REQUIREMENT ▸
Within the entries below, the lines from the one with "Lavabo con pedestal" through the one with "最後は、みんなで新聞を片付け" are to be set down exactly, both ends kept.

SUPPLIED RECORDS ▸
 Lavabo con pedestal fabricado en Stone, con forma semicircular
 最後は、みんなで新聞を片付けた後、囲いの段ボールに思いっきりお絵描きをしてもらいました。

---

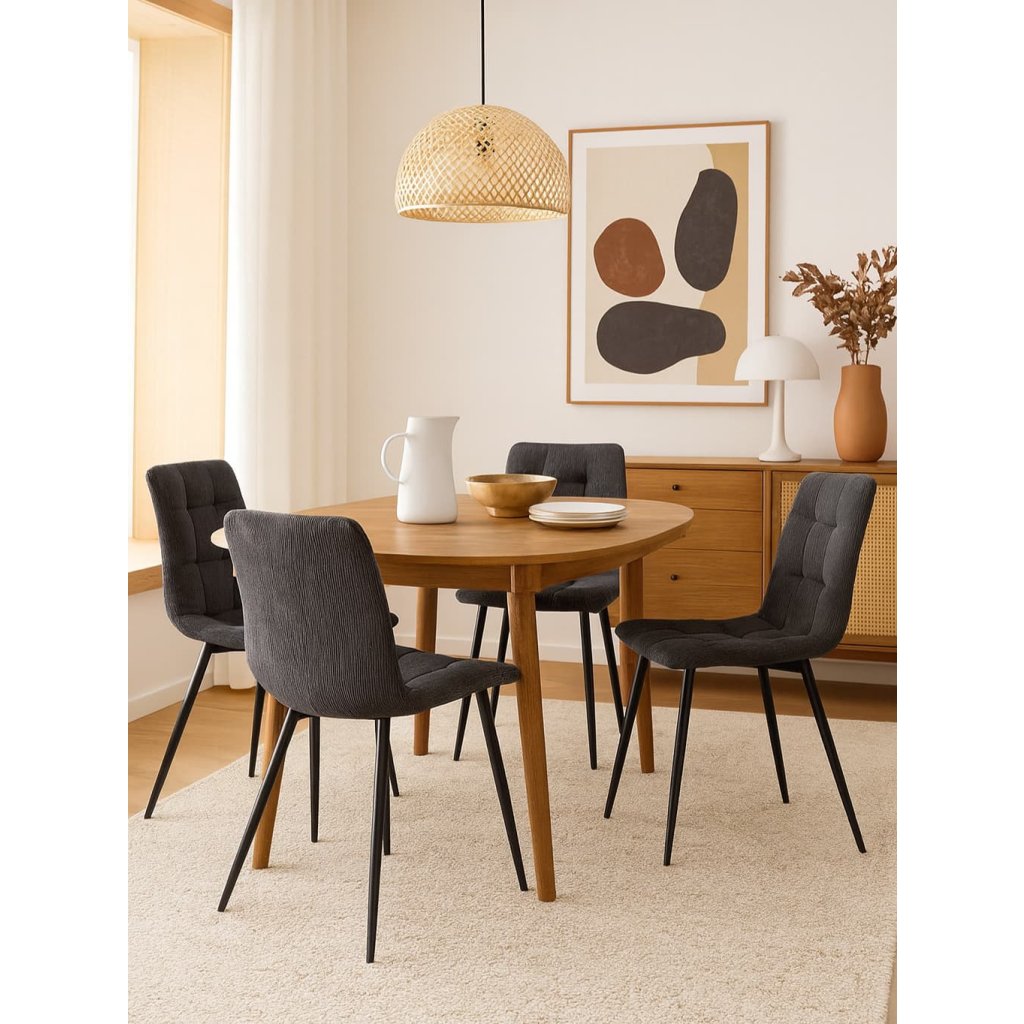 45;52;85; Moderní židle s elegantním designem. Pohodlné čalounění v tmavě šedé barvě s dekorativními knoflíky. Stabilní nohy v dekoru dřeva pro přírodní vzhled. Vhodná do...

TASK ANSWER ▸
 Lavabo con pedestal fabricado en Stone, con forma semicircular
 最後は、みんなで新聞を片付けた後、囲いの段ボールに思いっきりお絵描きをしてもらいました。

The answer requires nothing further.